What is the love of Jesus like?

Dan Hudson
Thumb_loving_like_jesus_square

If we're to learn to love like Jesus, we need to know what his love is like.


Download mp3.
Small Group Notes: PDF HTML

Colossians 3 tells us Jesus is "the image of the invisible". Therefore as we explore the love of Jesus, we're also understanding the love of God, Father, Son and Holy Spirit.

John 13 tells the story of Jesus washing the feet of his disciples. It begins with these words "Having loved those who were his in the world, he loved them to the end".

1. The love of Jesus is Unchanging.

John referred to himself as the "disciple Jesus loved"- he and the other disciples came to know that Jesus' love for them was a non-negotiable. He loved them through all their failures, faltering faith, doubts, denials, desertion. "God watched the soap opera of our lives"- Eugene Peterson. His love extends to an interest in the mundanity and challenges of our lives.

2. The love of Jesus is Unconditional.

The Greek word used throughout the New Testament for Love is "Agape"- referring to God-like, unconditional love. Disciples of Jesus live in the wonder of this unconditional love, not thwarted by circumstance (Romans 8: "Nothing can separate us from the love of God").

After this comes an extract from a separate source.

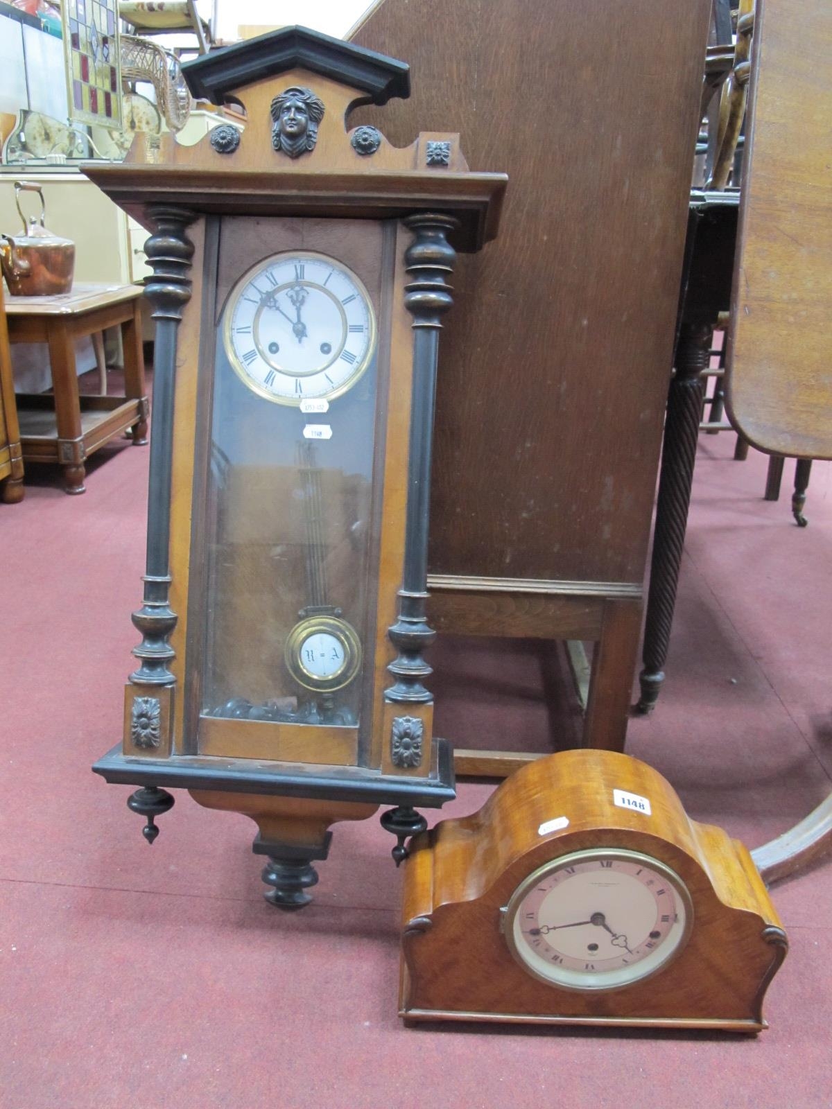 Vienna Wall Clock, marked 'R.A. to pendulum; together with an Elliot London mantle clock, both with keys. (2)

3. The love of Jesus is Unassuming.

Jesus, Lord of Heaven and Earth, quietly gets up from the table and starts doing the servants job of washing dirty feet. Philippians 2 says "He took the nature of a servant, humbling himself to death, even death on a cross". Humble love serves other people, regardless of whether they get the credit. Jesus quietly took the sins of the world on the cross, serving the whole human race.

4. The love of Jesus is Uncontainable.

Jesus asks the disciples if they've understood what he has done, then tells them to do the same for one another. He's not suggesting, I don't think, that a foot-washing ritual should become part of our lives. But he's saying; find the jobs that need doing in other people's lives and serve them, quietly, without fanfare, with humility. That's what love looks like.

Two reactions we should have:

Help! I could never love to the extent that Jesus loves- it's beyond us! That's a good reaction as it throws us into dependency on God; for when we fail to love like that- we receive his grace and forgiveness freely.

Wonder! Jesus commissions us to love like him. He makes that the defining purpose of our lives. What's the purpose of your life? "Others". As a Christian you may not feel the most gifted, eloquent, experienced or mature. But you can love people.


Questions:

  • Security in the love of Jesus. Why is it important to constantly live in the knowledge and experience of God's love for us? What problems may we have if we don't? What blessing will we have if we do? How can we better live in that permanent knowledge in a world that has a "love deficit"?
  • Serving others with the love of Jesus. Read Philippians 2 "the Servant song". How does the love of Jesus practically apply itself? What would it look like in our lives to show those same characteristics?
  • In a world that constantly tells you to think of "me first", how can disciples of Jesus look radically different to our culture?
  • Read 2 Cor 5:14-16. What do you think it means to "regard no one from an earthly point of view?"